[Reformer] fix reformer num buckets (#4564)

* fix reformer num buckets * fix * adapt docs * set num buckets in config
2020-05-25 22:04:45 +02:00
parent 3dea40b858
commit 3e3e552125
3 changed files with 18 additions and 9 deletions
--- a/docs/source/model_doc/reformer.rst
+++ b/docs/source/model_doc/reformer.rst
@@ -62,7 +62,7 @@ For more information, see the `original Paper <https://arxiv.org/abs/2001.04451>

 Note that ``config.num_buckets`` can also be factorized into a ``list``:math:`(n_{\text{buckets}}^1, n_{\text{buckets}}^2)`. This way instead of assigning the query key embedding vectors to one of :math:`(1,\ldots, n_{\text{buckets}})` they are assigned to one of :math:`(1-1,\ldots, n_{\text{buckets}}^1-1, \ldots, 1-n_{\text{buckets}}^2, \ldots, n_{\text{buckets}}^1-n_{\text{buckets}}^2)`. This is crucial for very long sequences to save memory.
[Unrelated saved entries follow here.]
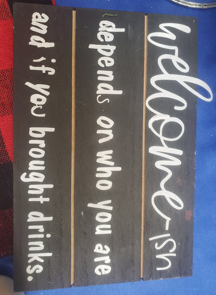 - "Funny Welcome Sign – ‘Welcome-ish Depends on Who You Are & If You Brought Drinks’ – Rustic Wood Decor for Entryway, Porch, or Bar"
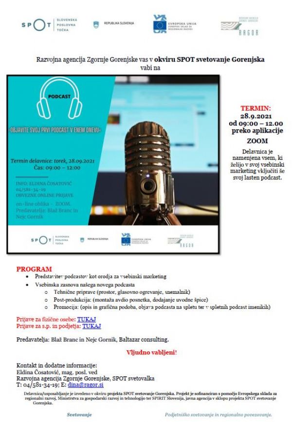 Kontaktni podatki organizatorja: Eldina Čosatović, SPOT svetovalka, T: 04 581 34 19, E:dina@ragor.si.
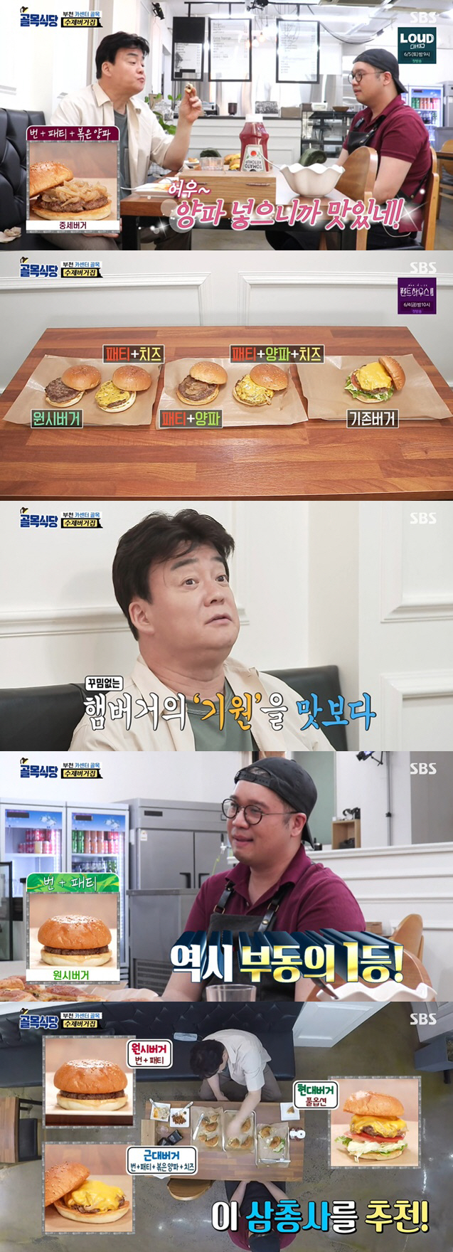 이후 수제버거집에 방문한 백종원은 지난주 탄생한 원시버거에 재료를 하나씩 추가해 시식하며 '베스트 조합' 찾기에 나섰다. 사장님이 준비한 4가지 버거에 케첩까지 발라 꼼꼼히 맛보던 백종원은 번에 패티만 들어간 햄버거에 "역시 1등이다. 햄버거의 기원을 맛보는것 같다"며 극찬했다. 백종원과 사장님은 번에 패티만 들어간 버거와 풀옵션 버거, 그리고 번, 패티, 볶은양파, 치즈가 들어간 버거를 최종 판매 버거 3종으로 확정했다.
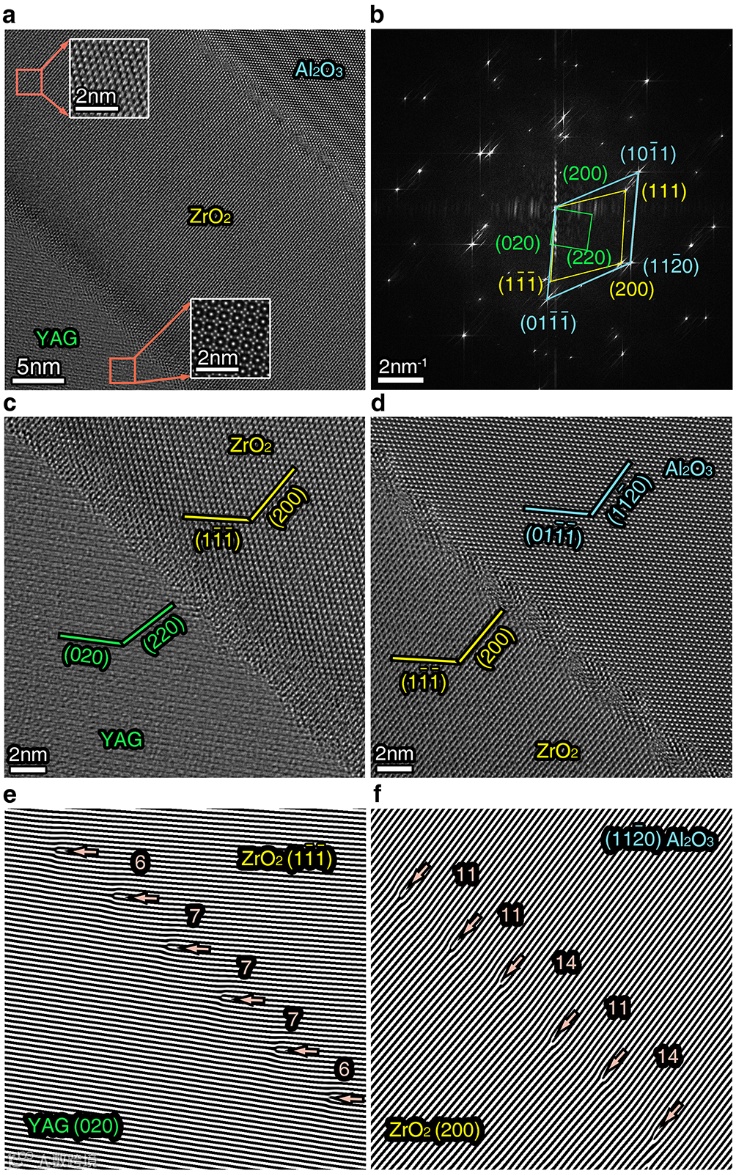界面的高分辨透射电镜图片;(e-f) YAG/ZrO

-It is recommended to leave ``config.num_buckets=None``, so that depending on the sequence length, a good value for ``num_buckets`` are calculated on the fly.
+When training a model from scratch, it is recommended to leave ``config.num_buckets=None``, so that depending on the sequence length a good value for ``num_buckets`` is calculated on the fly. This value will then automatically be saved in the config and should be reused for inference.

 Using LSH self attention, the memory and time complexity of the query-key matmul operation can be reduced from :math:`\mathcal{O}(n_s \times n_s)` to :math:`\mathcal{O}(n_s \times \log(n_s))`, which usually represents the memory and time bottleneck in a transformer model, with :math:`n_s` being the sequence length.